# US Withholding Tax



## GeorgieMPorgie (Oct 21, 2010)

If I purchase a Canadian stock like Royal Bank (RY) on the NYSE in US funds. will taxes be withheld on the dividends?


----------



## Cal (Jun 17, 2009)

Not if you hold it in your RRSP.


----------



## GeorgieMPorgie (Oct 21, 2010)

What if it's not in my RRSP. Since it's a Canadian company I though I wouldn't have to pay the withholding tax?


----------



## humble_pie (Jun 7, 2009)

one can purchase canadian stocks on toronto & journal them over to US account in order to capture the primary USD dividends without any exchange fee from transfer agents, or to support the margin position of short USD options on that same stock;

or

one can purchase canadian stocks on US exchanges & keep them in USD accounts for the above reasons;

and

all will be well. There will be no withholding whether margin, cash or registered account. Furthermore, T5 tax slips will render the correct grossed-up dividend figures & the correct dividend tax credits. The only slight catch is that these T5s will be in US dollars, so the investor has to convert the currency for his canadian tax return.
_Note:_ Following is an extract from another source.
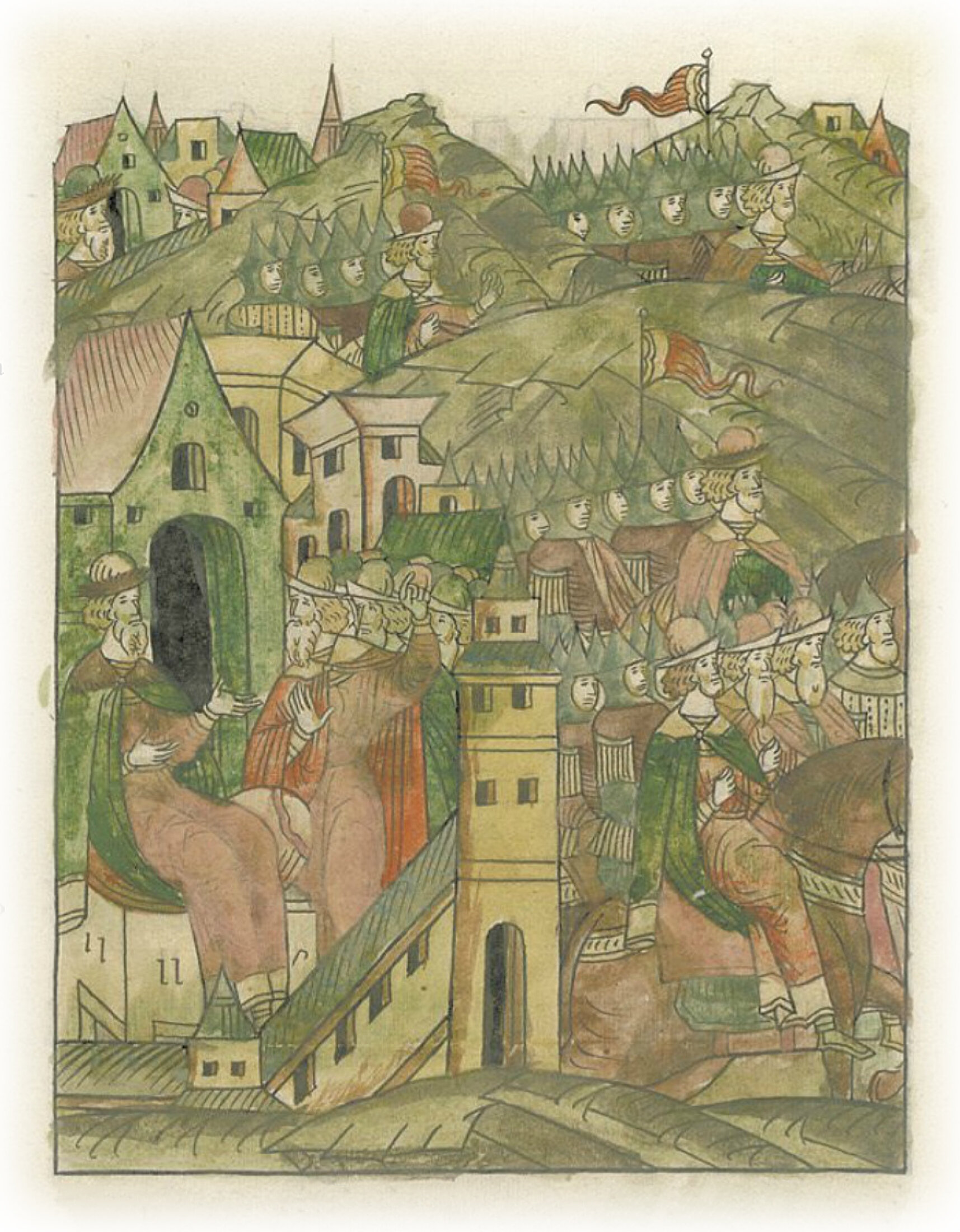 Языки говорят воеводам царя Ивана Васильевича, что магистр окопался большим рвом вокруг города Рындола, бьет из пушек и пищалей и приступает к Рындолу.

this has been my experience.


----------



## CanadianCapitalist (Mar 31, 2009)

humble_pie said:


> all will be well. There will be no withholding whether margin, cash or registered account. Furthermore, T5 tax slips will render the correct grossed-up dividend figures & the correct dividend tax credits. The only slight catch is that these T5s will be in US dollars, so the investor has to convert the currency for his canadian tax return.
> 
> this has been my experience.


I was stumped by this question. Thanks for clarifying.


----------